Legion allocations like-entities in contiguous memory, and iterates based on allocated "chunks" for iteration. This means that whenever performing a query against N-components, the memory is almost always guaranteed to be local and adjacent because its archetype is the same for that query.
This is a high level explanation, and leaving out some edge cases, but that is the gist of why we see significant performance benefits with legion. The more complex of these benefits can't really be realized in any current use of amethyst, so those are basically theoretical.
For full disclosure, that image only shows creation and iteration and so forth, it does not demonstrate the timings of when components are added and/or removed as is common in many ECS engine styles. The adding/removing pattern is very slow compared to specs because it forced a copy of every component an entity has into a new 'chunk'. A combined pattern where components can be marked as what 'chunks' (if any) they should appear with in regards to other components would fix the issue as it would keep the bulk components together and the rapidly changing ones would then remain out of band.

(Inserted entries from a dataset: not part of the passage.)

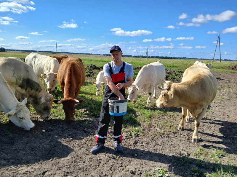Kad 2018. gadā Elmārs vēlējās uzsākt patstāvīgu saimniekošanu, vecāki nebija gatavi pilnībā vai daļēji nodot saimniecību vienam no bērniem, tādēļ Elmārs nolēma izveidot pats savu saimniecību. Bija neizdzēšami iespiedušies atmiņā vecmāmiņas Dainas stāsti par viņas vecākiem, kuri veiksmīgi saimniekoja savā zemē, savās mājās, par bērnību, kas pagāja lauku darbos, kuru grūtums jau bija piemirsies, par brīvu Latviju, kur katrs var būt saimnieks savā zemē. Mazajam Elmāram klausoties šķita – vecmāmiņa stāsta par kādu pasaku zemi, kurā viņš noteikti vēlētos nonākt, kad izaugs liels. Šie bērnības stāsti un atmiņas vēlāk nostiprināja pārliecību, ka, apdomīgi rīkojoties, iespējams kļūt par veiksmīgu lauksaimnieku. Izvēle krita uz gaļas liellopu nozari, jo to noteica pieejamā infrastruktūra – apkārtnē nomai bija pieejami 36 ha zālāju platību ar nedaudz aramzemes. Tā kā nebija lielu naudas uzkrājumu starta kapitālam un kredītsaistības uzņemties jaunais zemnieks nevēlējas, un, pat ja vēlētos – būtu grūti pārliecināt bankas dot kredītu pavisam nenodrošinātam iesācējam. Sākotnēji tika iegādāti seši liellopi, vecāki aizdeva nepieciešamo lauksaimniecības tehniku un saimniekošana varēja sākties. Elmārs devās uz LLKC Ventspils biroju, kura klients ir vēl joprojām, lai apgūtu profesionālās pilnveides izglītības programmu “Lauksaimniecības pamati”. Nākamais solis bija mērķtiecīga saimniecības darbības plānošana uz attīstību – 2019. gada nogalē dalība LAP attīstības programmas apakšpasākumā “Atbalsts uzņēmējdarbības uzsākšanai, attīstot mazās lauku saimniecības”, kas ļāva iegādāties nepieciešamo lauksaimniecības tehniku – siena ruļļu presi ar ietinēju, frontālo iekrāvēju un augsnes diskotāju. Lai nodrošinātu lopiem labturību atbilstošā līmenī, tika iegādāta apsildāma dzirdne izmantošanai aukstajos gadalaikos. Nu jau varēja sākt plānot ganāmpulka palielināšanu un virzību uz tīršķirnes lopiem. Elmārs kļuva par LLKC grāmatvedības pakalpojuma klientu, jo vēlējās pilnīgu sakārtotību attiecībās ar VID un savas saimniecības finanšu darbības pārredzamību.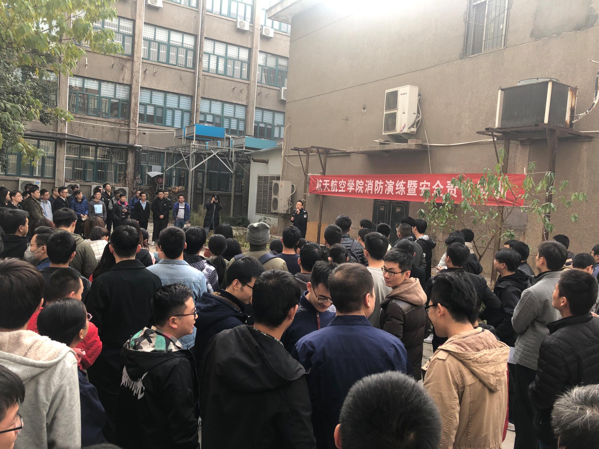 本次疏散演练利用发烟筒模拟火灾逼真效果,进行教一楼发生火灾后的逃生演习,在火警哨声的警报下,全体师生手持湿毛巾握住口鼻、弯腰、贴墙从工作室、实验室、办公室快速有序进行疏散。在组织人员认真细致地制定的演练活动方案组织下,完成了在楼下空旷地带快速集合的任务,消防疏散演练取得了预期效果。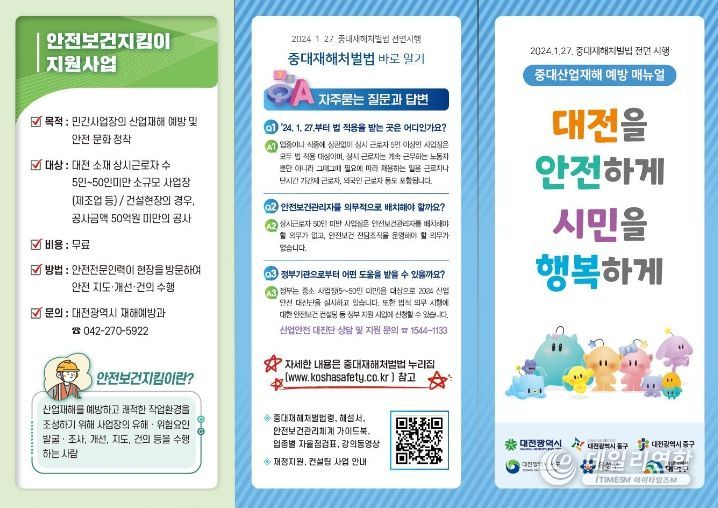 데일리연합 (아이타임즈M 월간한국뉴스신문) 기자 | 대전시는 중대산업재해 예방 홍보 강화에 나선다.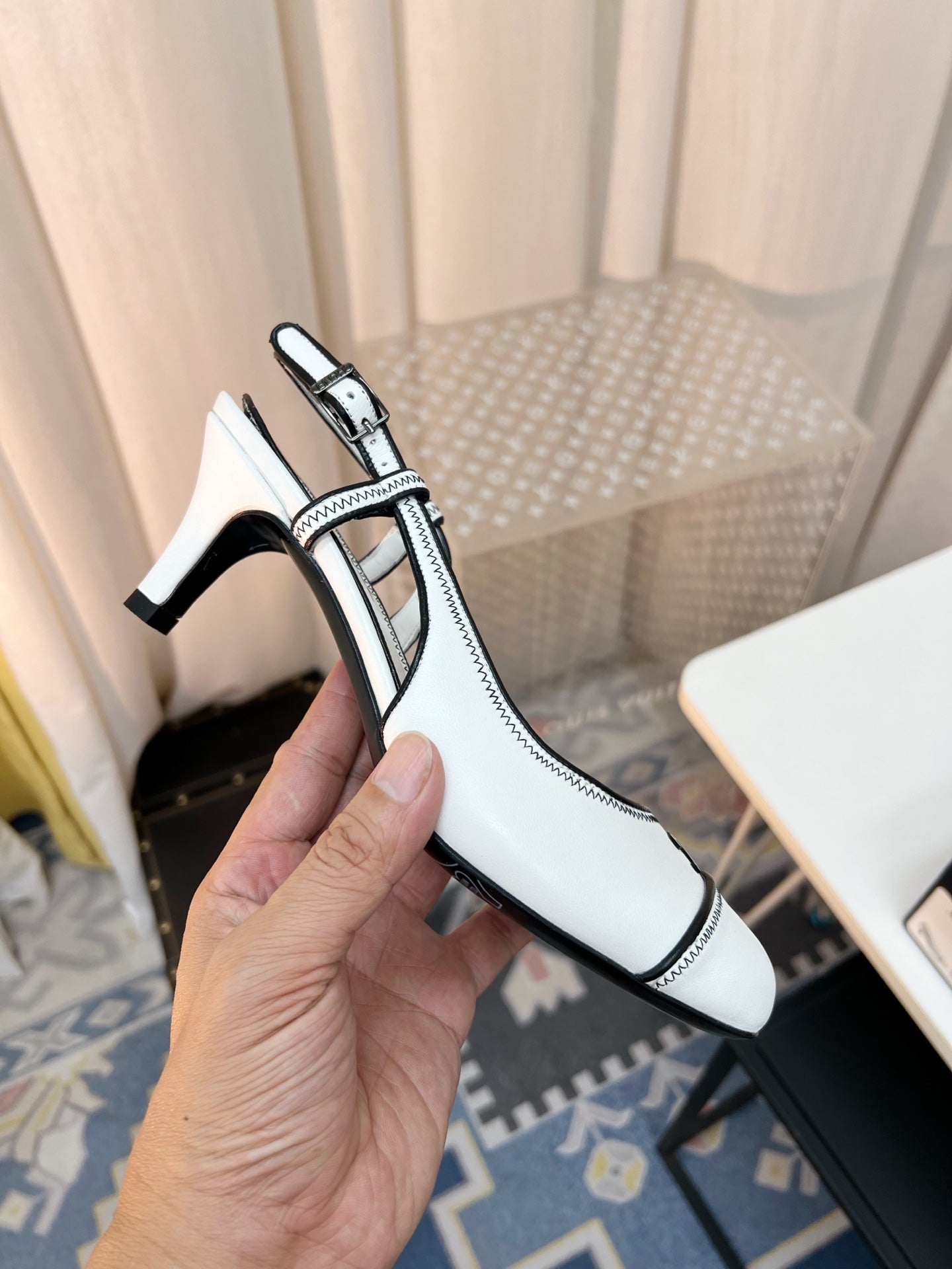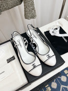CC Slingback Heels With Black Contrast Stitching White Lambskin 476712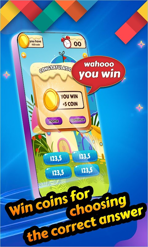 Sobald Sie auf den gewünschten Modus klicken, erscheint ein neuer Bildschirm mit mathematischen Fragen und vier geeigneten Antwortoptionen. Unter den vier Antwortmöglichkeiten gibt es eine richtige Antwort. Wenn der Benutzer auf die richtige Antwort klickt, gewinnt er 5 Münzen. Wenn er jedoch auf die falsche Option klickt, werden 5 Münzen von seiner Münzsammlung abgezogen. Die Zeit für die Beantwortung der Fragen ist begrenzt. Wenn Sie die Frage nicht beantworten können, werden 5 Münzen von Ihrer Münzsammlung abgezogen.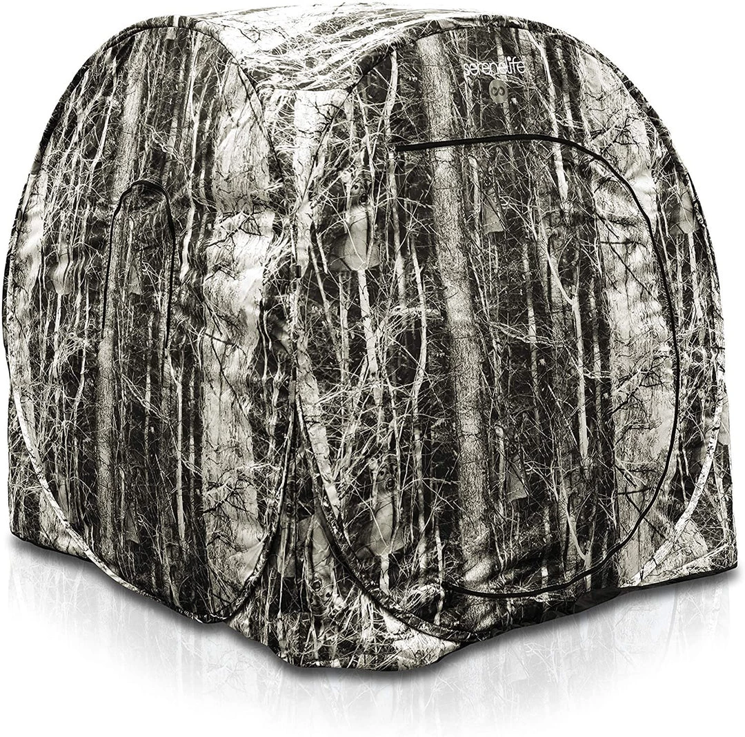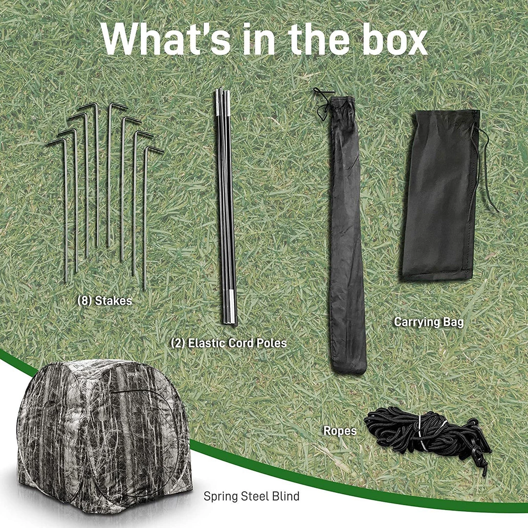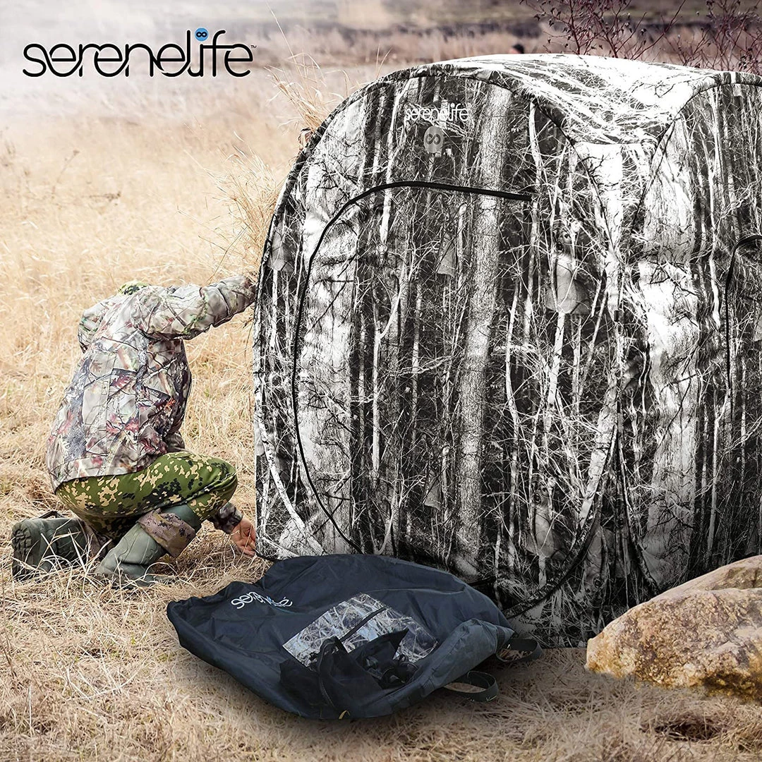 - STURDY & LIGHTWEIGHT: SereneLife portable hunting blinds are built tough and designed to withstand the most inclement weather conditions you dare to be caught in; rain, snow, hail, wind. Includes carrying bag, 4 ropes, 8 stakes & 2 elastic cord poles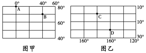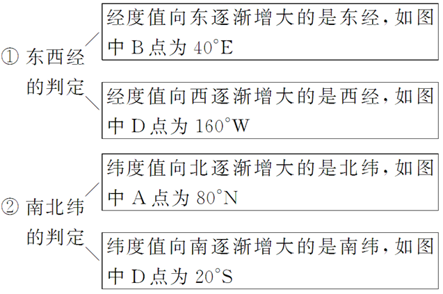 ③度数的判定:在同一幅经纬网图中相邻两条纬线之间的纬度间隔、相邻两条经线之间的经度间隔一般都是相等的。图中A点为(80°N、0°);B点为(70°N、40°E);C点为(0°、180°);D点为 (20°S、160°W)。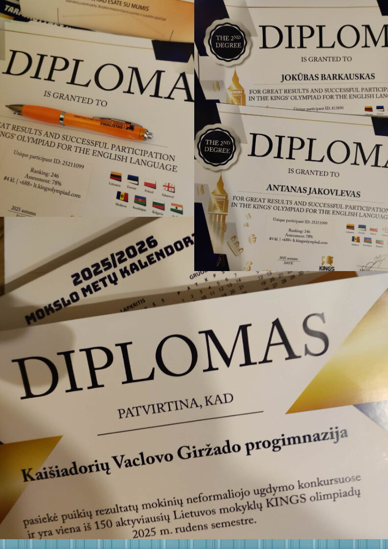Džiaugiamės mokiniams suteikta galimybe pasitikrinti savo anglų kalbos žinias nuotoliniu būdu Tarptautiniame anglų kalbos „Kings.lt 2025-2026“ pirmajame semestre ir patekusieji į finalą, olimpiados finale. Nuotoliniu būdu dalyvavo nemažai mūsų progimnazijos mokinių. Mokiniams skirti I, II, III lygmenų anglų kalbos diplomai, laimėtojams -sertifikatai su išsamiais duomenimis. Mokiniai finalo metu galėjo pasisemti daug naudingos informacijos, išmokti naujų dalykų, atrasti savo žinių spragas ir sužinoti, kuriuos gebėjimus dar reikia tobulinti. Dalyviai įsitikino, kad svarbiausia patiems noriai ir uoliai tobulėti, o kiekvienas dalyvavimas – tai naujos patirtys, plečiančios turimą žinių bagažą!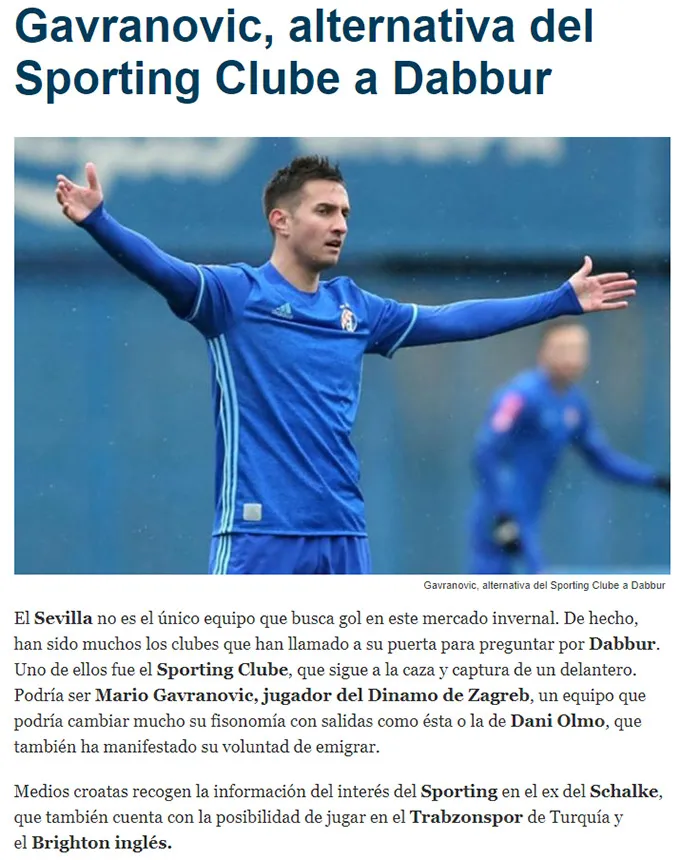 Gazete, Hırvat basının ise Gavranovic'i talip olan takımlar arasında Trabzonspor ve Sevilla'nın dışında Portekiz'den Sporting Lizbon'un ve İngiltere'den Brighton'un da olduğunu iddia etti. 1.75 boyundaki 30 yaşındaki Gavranovic, 2011 yılından Hırvat bir ailenin oğlu olmasına rağmen Lugano kentinde doğduğu için İsviçre Milli Takımı'nın formasını giyiyor. Dinamo Zagreb'le 1.5 yıllık daha anlaşması bulunan Garvanovic, bu sezon 15 maçta 3 gol atıp, 1 asist yaptı.

I've started adding benchmarks to my fork jaynus/amethyst-ecs-benchmarks
The reports can be seen Criterion Reports Here
They are a WIP as I add more optimized cases.
Awesome @jaynus, looking forward. My minigames tend to do a significant amount of component swapping of a set amount of component types with rare swapping of another set of component types and little to no swapping of the remaining amount of component types, so optimizing for these is very doable with legion with some more design.
Really excited for the new transforms. It could also potentially let us easily create alternative coordinate systems (most notably spherical coordinates) to very easily create 3rd person cameras for example.
There's been a lot of positive feedback to this change. Do we have any issues that would require delaying confirming this as our course of action? Would we want to publicize this discussion more before doing so?
It seem to me like it would be good to make this as public as possible before confirming it, being that it is probably one of the single largest possible changes that we could make.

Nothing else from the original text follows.